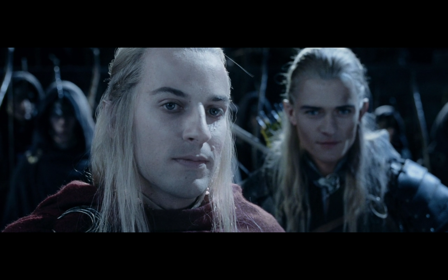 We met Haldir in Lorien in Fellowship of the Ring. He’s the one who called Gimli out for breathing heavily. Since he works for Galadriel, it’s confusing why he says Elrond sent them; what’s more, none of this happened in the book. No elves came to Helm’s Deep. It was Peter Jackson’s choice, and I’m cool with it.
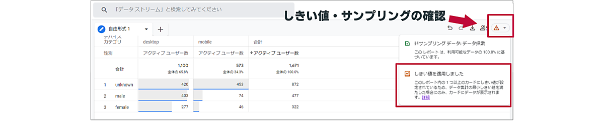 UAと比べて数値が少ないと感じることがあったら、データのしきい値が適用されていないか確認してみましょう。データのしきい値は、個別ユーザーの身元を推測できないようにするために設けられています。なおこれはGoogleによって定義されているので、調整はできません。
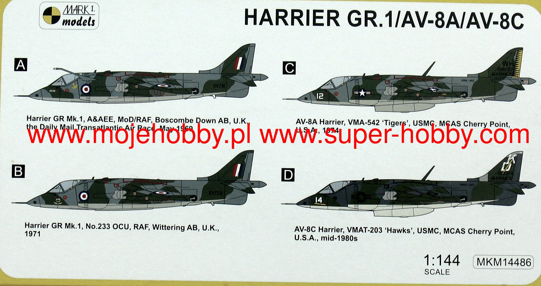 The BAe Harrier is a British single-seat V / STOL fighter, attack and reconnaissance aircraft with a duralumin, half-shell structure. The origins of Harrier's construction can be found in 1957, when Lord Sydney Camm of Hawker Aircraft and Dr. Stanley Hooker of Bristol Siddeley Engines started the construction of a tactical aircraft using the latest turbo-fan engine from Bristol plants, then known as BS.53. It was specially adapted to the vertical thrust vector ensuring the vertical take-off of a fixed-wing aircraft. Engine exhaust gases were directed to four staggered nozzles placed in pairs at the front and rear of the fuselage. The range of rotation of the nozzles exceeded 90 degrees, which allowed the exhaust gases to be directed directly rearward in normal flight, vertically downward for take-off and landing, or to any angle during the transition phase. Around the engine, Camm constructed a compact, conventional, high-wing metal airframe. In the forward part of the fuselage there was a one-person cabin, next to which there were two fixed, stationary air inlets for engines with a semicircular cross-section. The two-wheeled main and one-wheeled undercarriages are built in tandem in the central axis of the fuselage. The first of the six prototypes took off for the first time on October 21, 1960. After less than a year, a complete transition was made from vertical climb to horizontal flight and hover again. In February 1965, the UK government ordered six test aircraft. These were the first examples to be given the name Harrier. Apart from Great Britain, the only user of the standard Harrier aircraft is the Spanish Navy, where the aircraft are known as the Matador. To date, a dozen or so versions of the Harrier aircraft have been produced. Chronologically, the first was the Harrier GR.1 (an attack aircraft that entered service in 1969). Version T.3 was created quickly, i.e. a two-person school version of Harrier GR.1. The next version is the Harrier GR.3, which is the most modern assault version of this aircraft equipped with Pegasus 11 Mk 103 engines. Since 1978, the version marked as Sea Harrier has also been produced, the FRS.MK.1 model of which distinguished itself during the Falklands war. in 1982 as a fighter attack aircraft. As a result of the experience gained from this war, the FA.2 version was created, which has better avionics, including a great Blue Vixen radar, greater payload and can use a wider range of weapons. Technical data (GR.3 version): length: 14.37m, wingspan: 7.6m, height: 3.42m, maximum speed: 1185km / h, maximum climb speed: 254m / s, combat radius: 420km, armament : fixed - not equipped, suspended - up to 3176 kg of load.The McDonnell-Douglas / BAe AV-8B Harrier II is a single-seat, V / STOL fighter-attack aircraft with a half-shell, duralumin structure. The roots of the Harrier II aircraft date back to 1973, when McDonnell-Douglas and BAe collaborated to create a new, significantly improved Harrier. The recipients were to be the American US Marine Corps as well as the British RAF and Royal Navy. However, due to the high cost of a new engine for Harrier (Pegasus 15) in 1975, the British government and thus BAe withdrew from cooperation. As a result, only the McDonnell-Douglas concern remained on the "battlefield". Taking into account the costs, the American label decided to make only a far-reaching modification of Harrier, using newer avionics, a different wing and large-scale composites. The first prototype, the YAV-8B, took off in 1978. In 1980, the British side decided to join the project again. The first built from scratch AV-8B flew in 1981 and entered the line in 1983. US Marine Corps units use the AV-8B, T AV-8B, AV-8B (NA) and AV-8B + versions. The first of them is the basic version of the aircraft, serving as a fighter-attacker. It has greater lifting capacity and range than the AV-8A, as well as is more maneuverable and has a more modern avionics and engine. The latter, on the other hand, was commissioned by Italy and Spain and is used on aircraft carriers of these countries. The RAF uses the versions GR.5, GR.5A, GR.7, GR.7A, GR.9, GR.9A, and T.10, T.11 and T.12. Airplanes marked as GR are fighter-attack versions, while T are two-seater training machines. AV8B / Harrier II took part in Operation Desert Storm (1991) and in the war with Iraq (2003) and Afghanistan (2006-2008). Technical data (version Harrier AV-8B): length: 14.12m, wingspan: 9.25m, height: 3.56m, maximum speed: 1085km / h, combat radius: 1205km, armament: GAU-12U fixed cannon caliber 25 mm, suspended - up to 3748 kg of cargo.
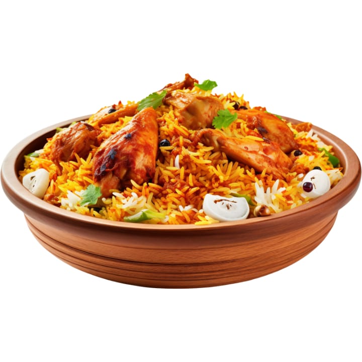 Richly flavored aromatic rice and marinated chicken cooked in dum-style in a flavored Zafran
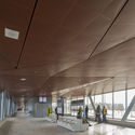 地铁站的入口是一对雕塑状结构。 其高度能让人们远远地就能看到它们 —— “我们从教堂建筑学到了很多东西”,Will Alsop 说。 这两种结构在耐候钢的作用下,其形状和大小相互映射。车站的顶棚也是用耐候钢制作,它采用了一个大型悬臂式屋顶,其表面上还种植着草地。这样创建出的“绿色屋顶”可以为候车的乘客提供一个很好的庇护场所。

==

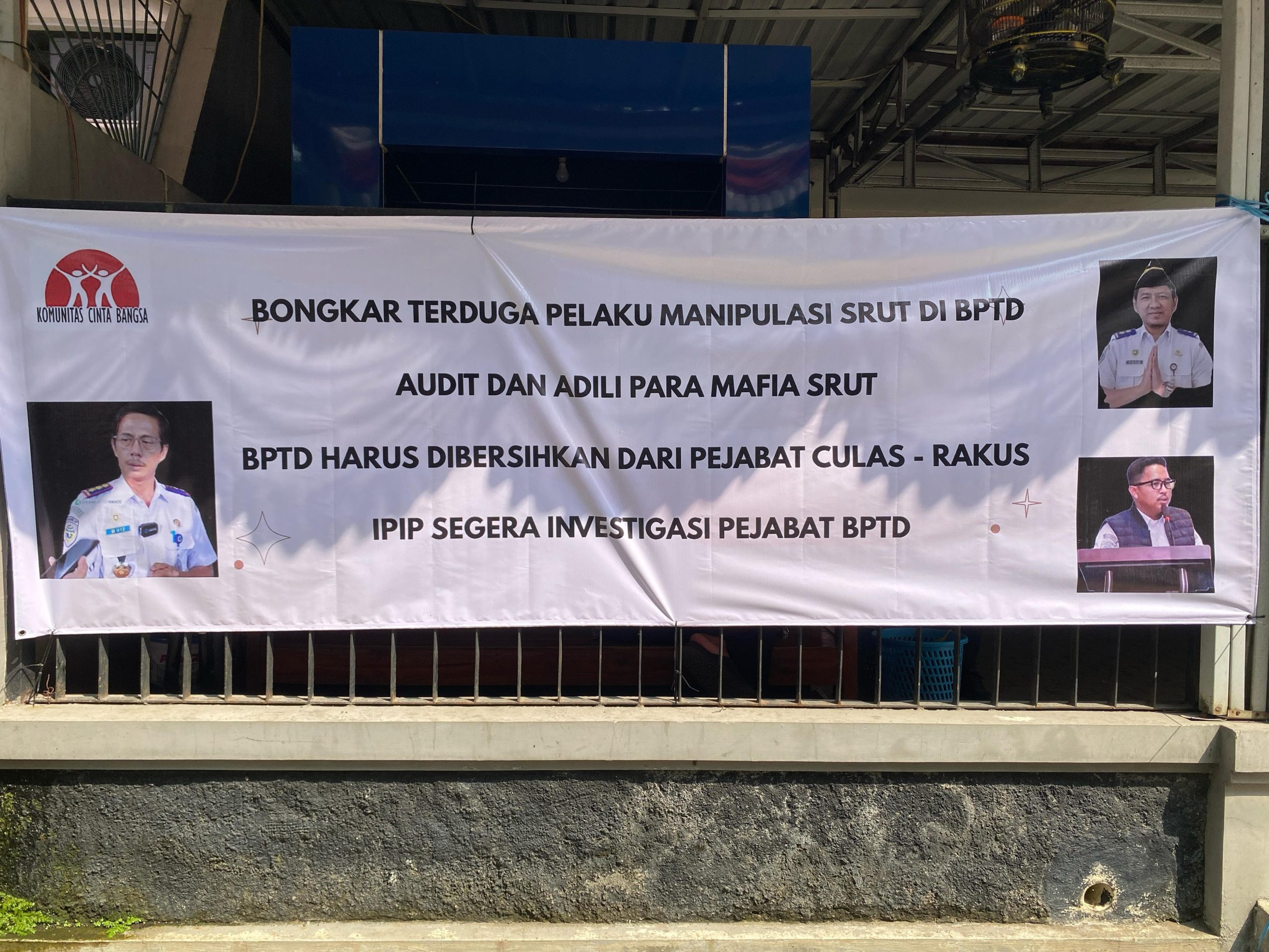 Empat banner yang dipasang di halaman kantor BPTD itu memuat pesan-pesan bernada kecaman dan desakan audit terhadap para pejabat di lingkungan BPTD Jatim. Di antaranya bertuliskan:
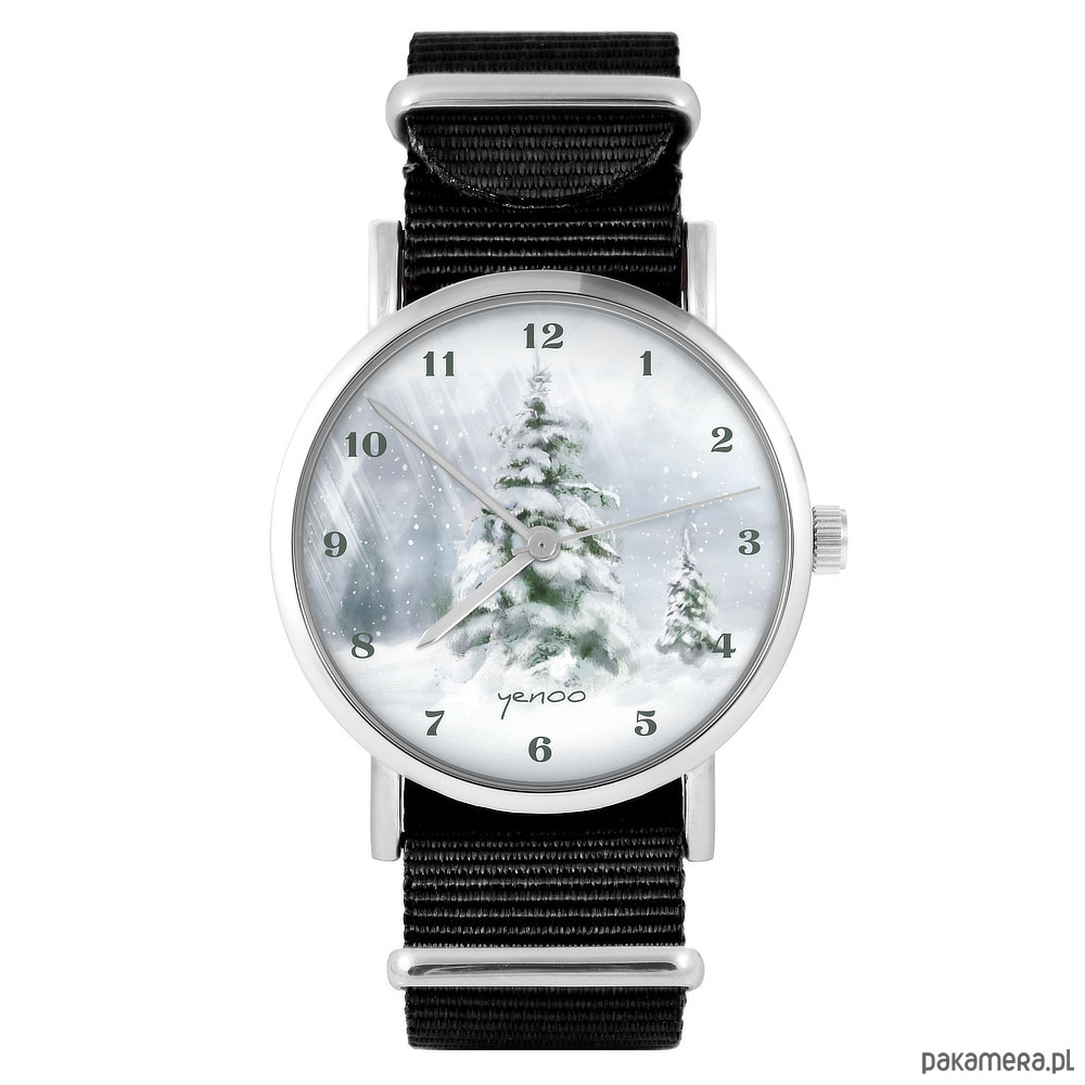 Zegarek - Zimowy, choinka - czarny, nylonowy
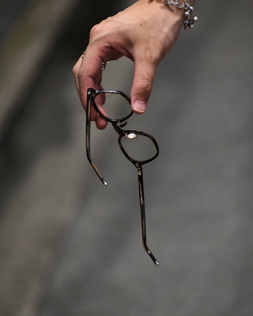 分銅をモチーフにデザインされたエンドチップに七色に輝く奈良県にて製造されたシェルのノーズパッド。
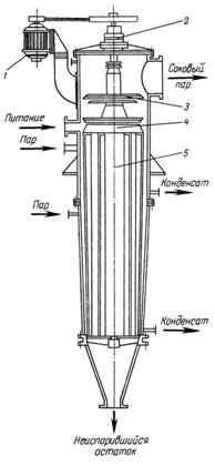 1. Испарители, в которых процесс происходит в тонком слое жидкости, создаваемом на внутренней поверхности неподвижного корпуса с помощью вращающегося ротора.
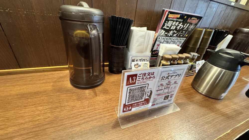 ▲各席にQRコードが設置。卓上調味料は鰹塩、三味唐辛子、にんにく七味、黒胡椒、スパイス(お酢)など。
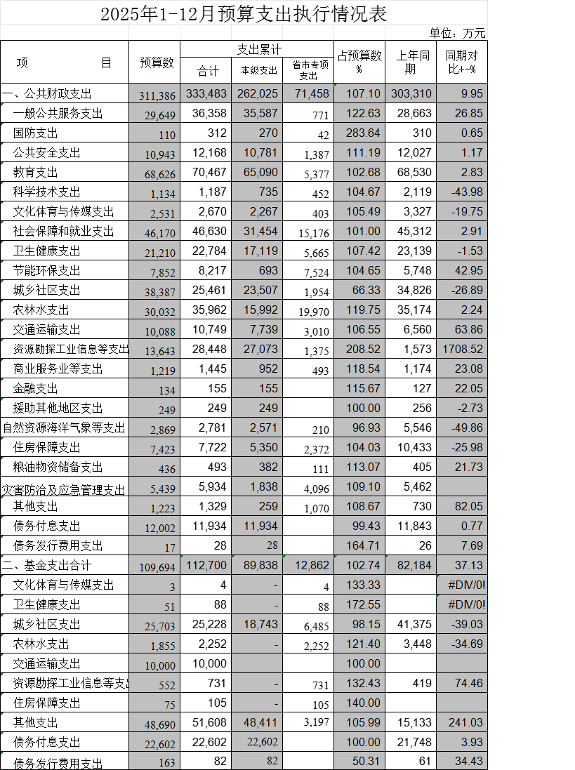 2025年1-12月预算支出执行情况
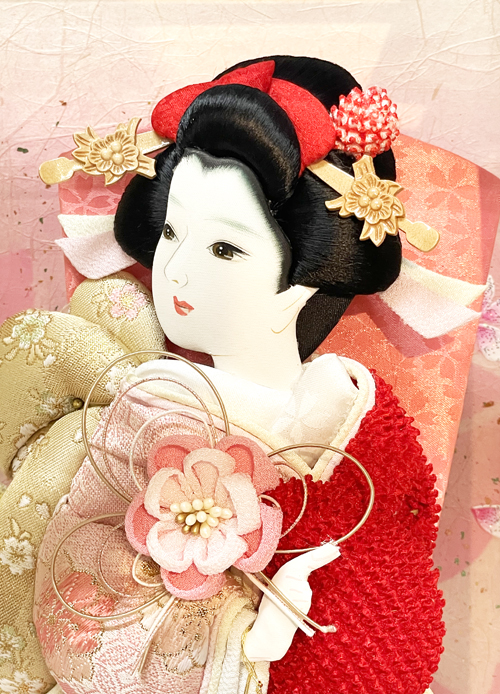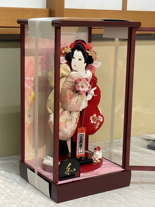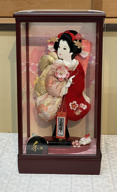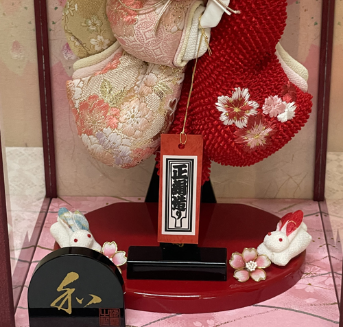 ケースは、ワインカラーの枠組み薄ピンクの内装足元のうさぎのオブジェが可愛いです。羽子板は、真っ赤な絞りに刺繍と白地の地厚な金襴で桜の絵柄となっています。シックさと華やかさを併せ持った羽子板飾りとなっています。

==

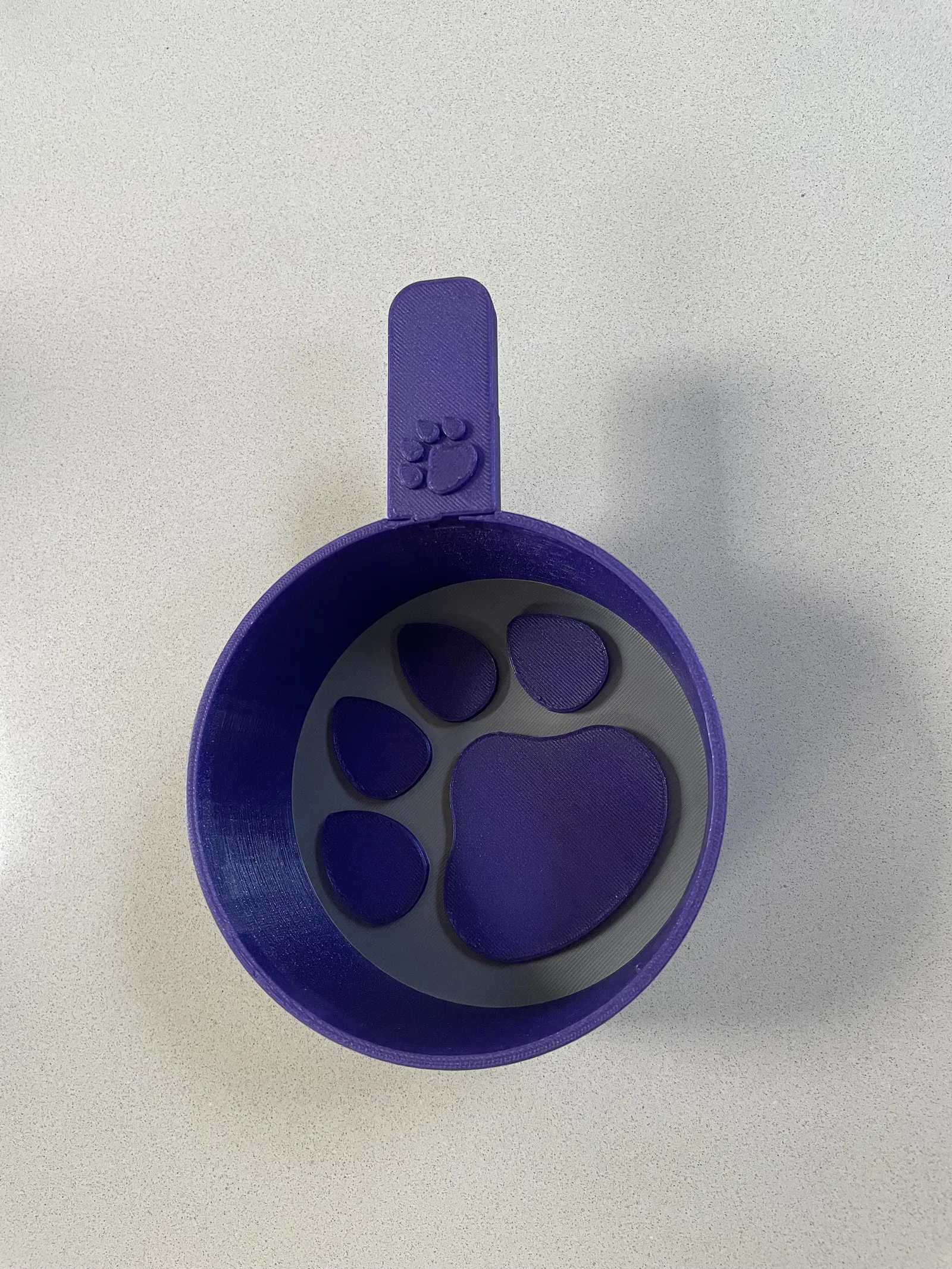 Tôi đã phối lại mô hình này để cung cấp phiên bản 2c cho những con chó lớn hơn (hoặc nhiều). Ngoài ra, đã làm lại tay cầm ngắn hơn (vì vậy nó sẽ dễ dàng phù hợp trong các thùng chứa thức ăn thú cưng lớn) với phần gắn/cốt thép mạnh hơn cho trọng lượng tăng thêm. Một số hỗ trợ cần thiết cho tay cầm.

• **Directions for this task**
Copy out exactly the lines above beginning with the line that contains "Zegarek - Zimowy, choinka - czarny, nylonowy" and finishing with the line that contains "ケースは、ワインカラーの枠組", including both; leave the pictures out.

• **Result for this task**
 Zegarek - Zimowy, choinka - czarny, nylonowy
 分銅をモチーフにデザインされたエンドチップに七色に輝く奈良県にて製造されたシェルのノーズパッド。
 1. Испарители, в которых процесс происходит в тонком слое жидкости, создаваемом на внутренней поверхности неподвижного корпуса с помощью вращающегося ротора.
 ▲各席にQRコードが設置。卓上調味料は鰹塩、三味唐辛子、にんにく七味、黒胡椒、スパイス(お酢)など。
 2025年1-12月预算支出执行情况
 ケースは、ワインカラーの枠組み薄ピンクの内装足元のうさぎのオブジェが可愛いです。羽子板は、真っ赤な絞りに刺繍と白地の地厚な金襴で桜の絵柄となっています。シックさと華やかさを併せ持った羽子板飾りとなっています。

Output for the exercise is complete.